• WHAT THE TASK ASKS:
Output word for word the lines from the one with "FINAL matches at" to the final line of the data, both ends included, but skip the pictures.

• EXERCISE INPUT:
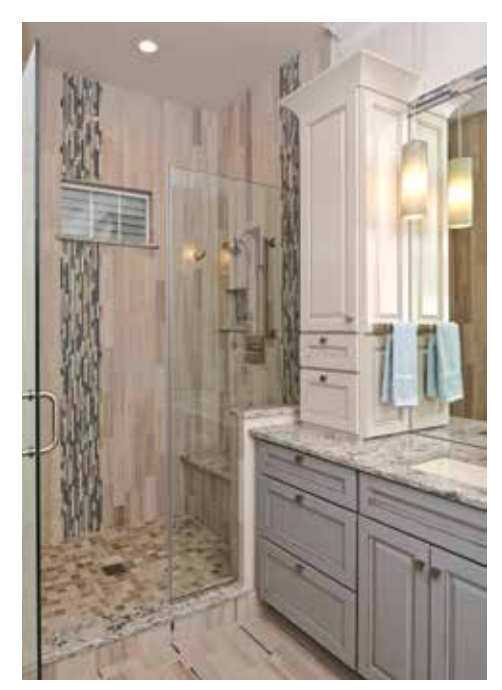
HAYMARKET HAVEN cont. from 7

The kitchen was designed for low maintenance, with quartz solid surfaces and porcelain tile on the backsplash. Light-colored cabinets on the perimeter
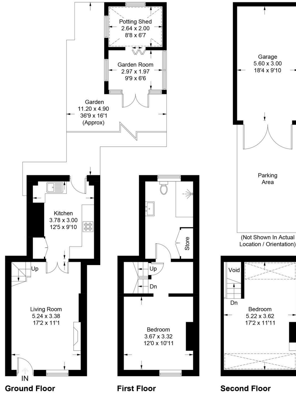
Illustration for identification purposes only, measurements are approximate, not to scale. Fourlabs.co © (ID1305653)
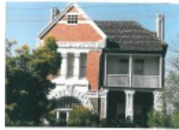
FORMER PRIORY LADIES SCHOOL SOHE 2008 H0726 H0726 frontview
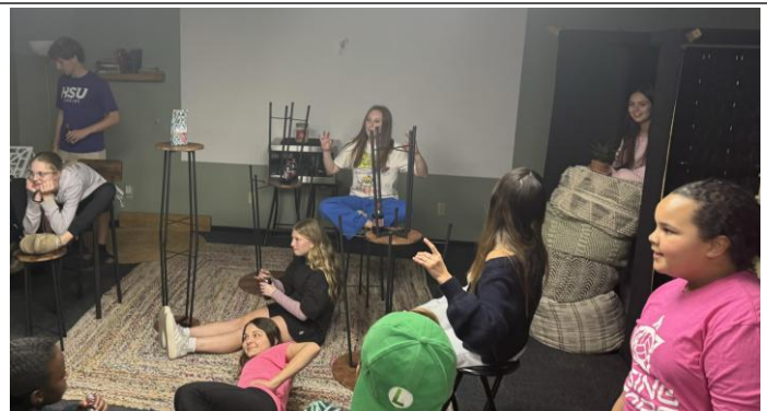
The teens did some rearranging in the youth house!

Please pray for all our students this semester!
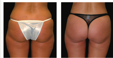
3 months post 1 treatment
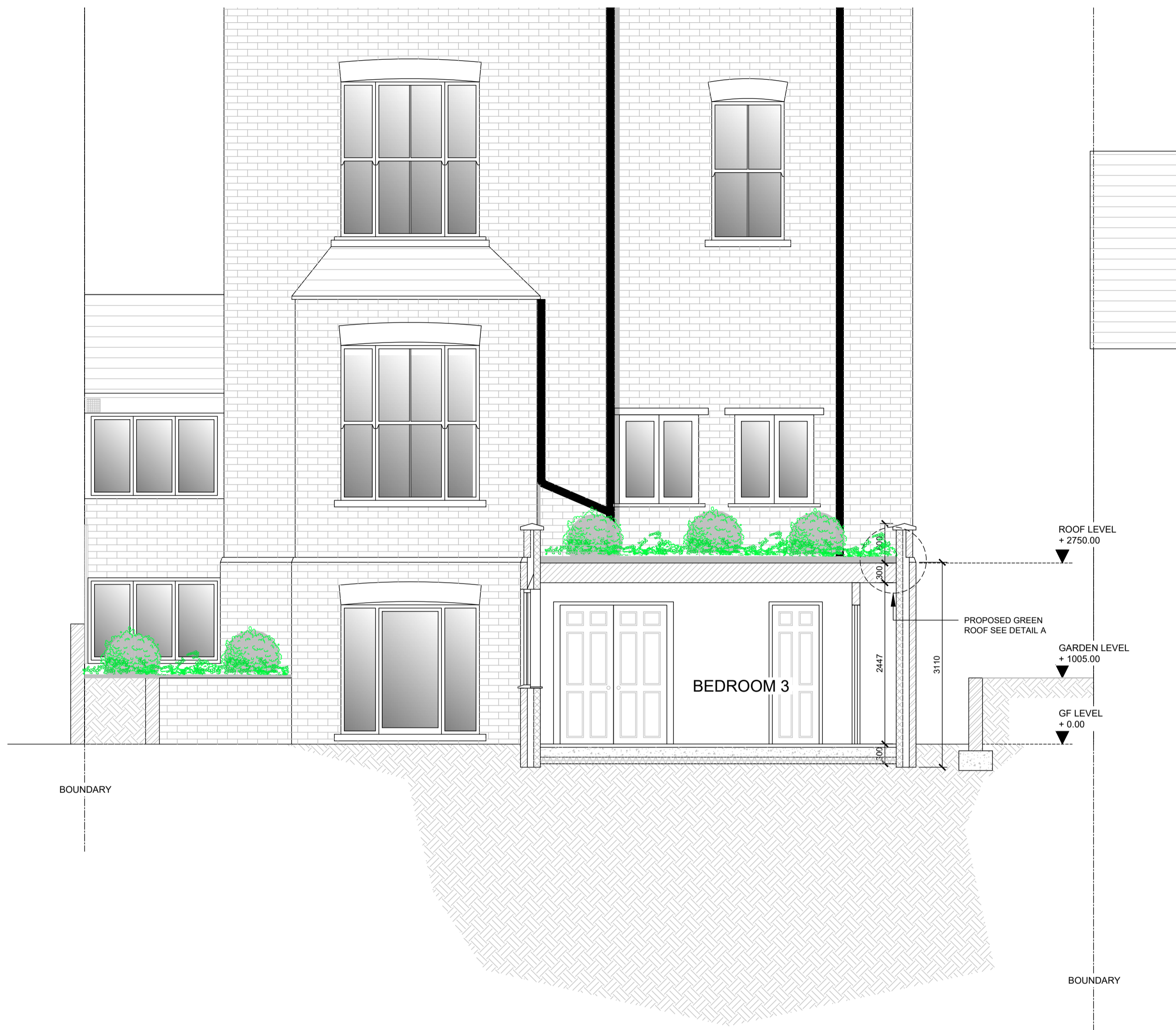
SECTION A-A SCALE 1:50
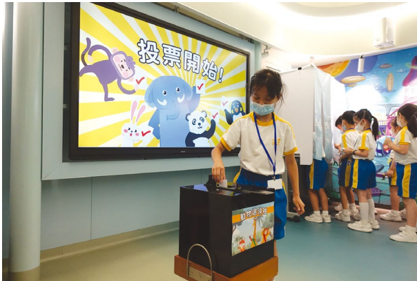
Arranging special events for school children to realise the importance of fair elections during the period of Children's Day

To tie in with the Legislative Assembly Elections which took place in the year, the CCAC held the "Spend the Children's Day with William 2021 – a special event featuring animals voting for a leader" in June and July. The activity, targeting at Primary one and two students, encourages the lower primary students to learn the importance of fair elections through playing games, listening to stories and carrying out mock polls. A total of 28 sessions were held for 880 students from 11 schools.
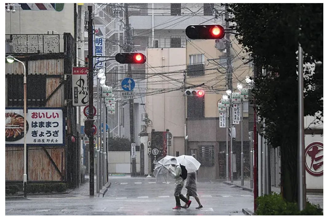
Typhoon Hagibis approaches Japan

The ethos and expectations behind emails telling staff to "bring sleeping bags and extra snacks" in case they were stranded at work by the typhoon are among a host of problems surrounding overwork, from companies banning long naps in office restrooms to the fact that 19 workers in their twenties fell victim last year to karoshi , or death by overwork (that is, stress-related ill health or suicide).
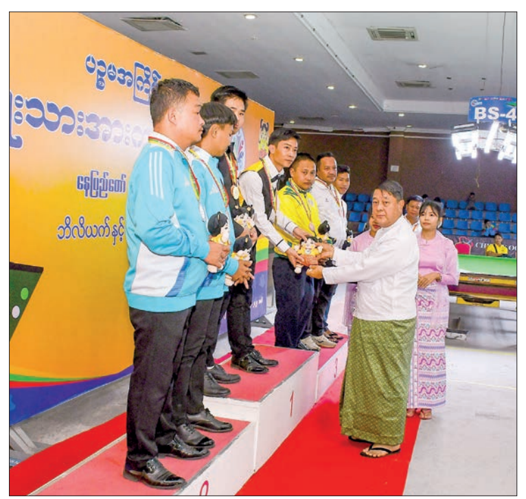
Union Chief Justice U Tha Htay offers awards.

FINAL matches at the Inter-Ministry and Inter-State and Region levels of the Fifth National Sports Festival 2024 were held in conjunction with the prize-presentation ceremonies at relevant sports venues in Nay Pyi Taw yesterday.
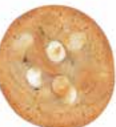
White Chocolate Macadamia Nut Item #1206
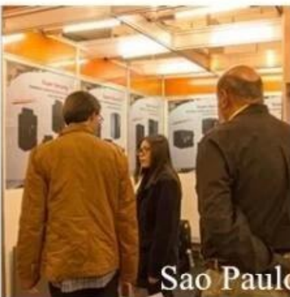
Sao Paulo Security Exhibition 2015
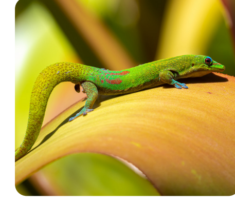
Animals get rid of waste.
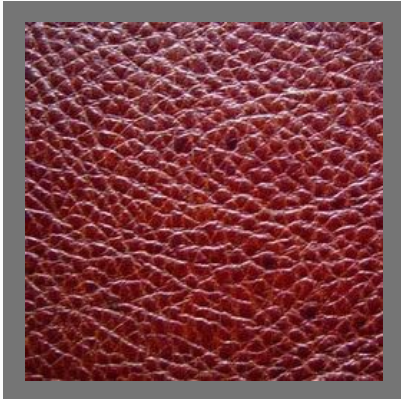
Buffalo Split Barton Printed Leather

• SOLUTION FOR THIS TASK:
FINAL matches at the Inter-Ministry and Inter-State and Region levels of the Fifth National Sports Festival 2024 were held in conjunction with the prize-presentation ceremonies at relevant sports venues in Nay Pyi Taw yesterday.
White Chocolate Macadamia Nut Item #1206
Sao Paulo Security Exhibition 2015
Animals get rid of waste.
Buffalo Split Barton Printed Leather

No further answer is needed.